St Michael's church was consecrated in 1815 as a chapel of ease to St Mary Walton. It was designed by John Cragg, owner of the Mersey Iron Foundry in Liverpool and Thomas Rickman, a self taught architect. The church was built entirely at Cragg's own expense for the sum of £7,865 which equates to well over half a million pounds in today's money.
Along with the other three churches built around this time by Cragg, St Michael's was constructed on a cast iron frame, and its door and window frames and tracery were made of the same material, but only in St Michael's is the use of cast iron for external ornamentation so readily visible. The north and south elevations and the top of the tower are fringed by cast iron parapets and more than twenty cast iron pinnacles.
Equally important in the church's construction is the use of Welsh slate: it is thought that the building was originally clad with slate, and the nave roof is made of a double skin of large slate panels each measuring approximately 2x0.75 metres. The roof is of such a shallow pitch that its novel method of construction cannot be seen from ground level.

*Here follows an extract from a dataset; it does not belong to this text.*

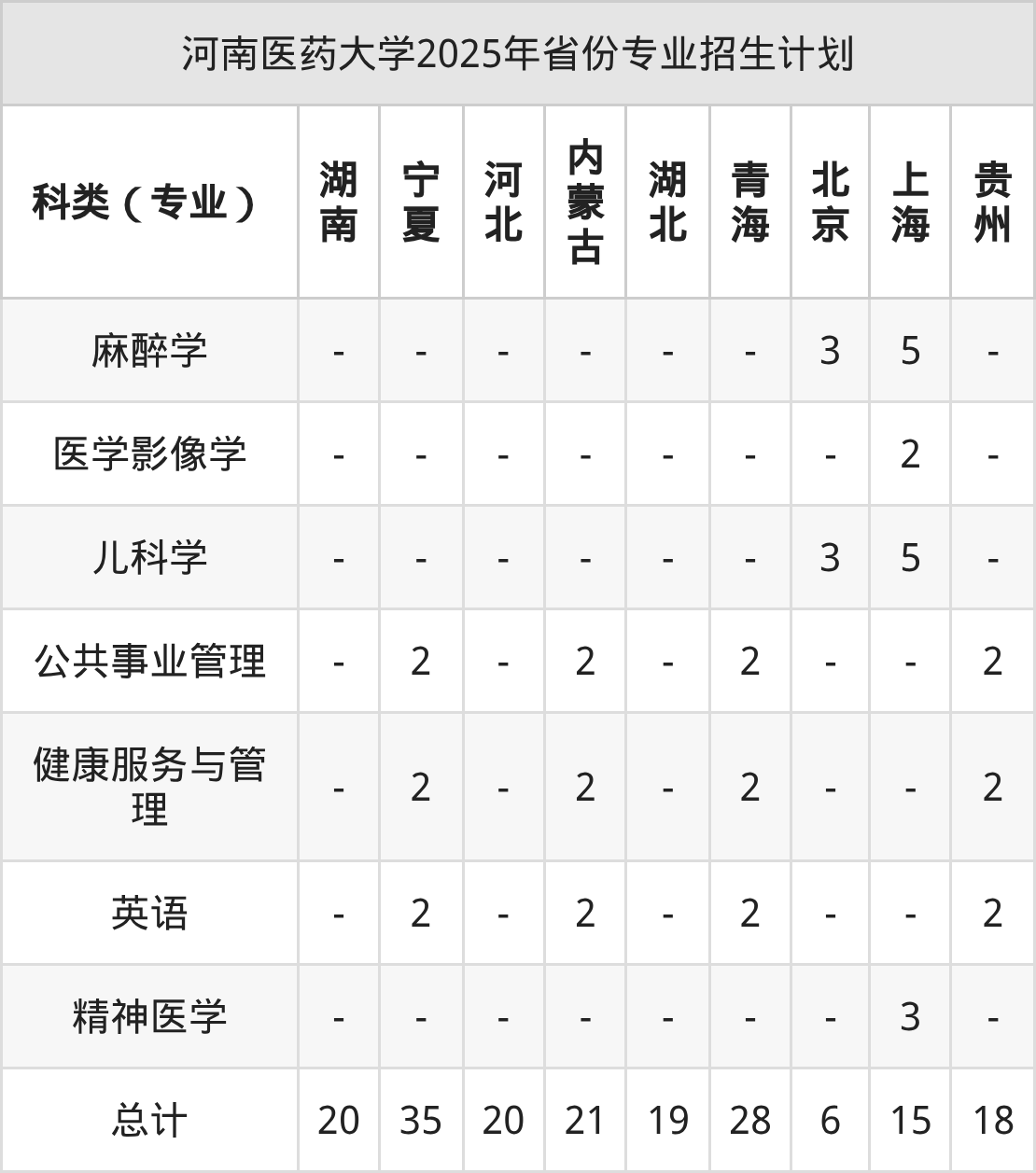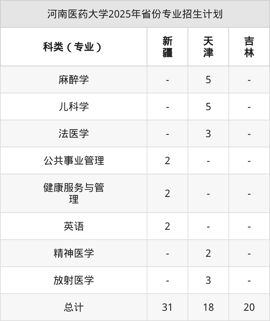 2025年河南医药大学计划招收本科生3822人,其中康复作业治疗专业30人,麻醉学专业170人,法医学专业95人,英语专业65人,口腔医学专业55人等。

Internally, the stained glass windows are very impressive, particularly the large east window which was erected as a memorial to one of the parish's early incumbents, the Reverend William Hesketh; the topmost rose section of this feature is a representation of the Holy Trinity.
The clock in the tower is part of a memorial to those who fell in the Great War of 1914-18, the rest of which can be found in the narthex. This consists of two marble panels carrying the names of the fallen and flanking a window which depicting St Michael.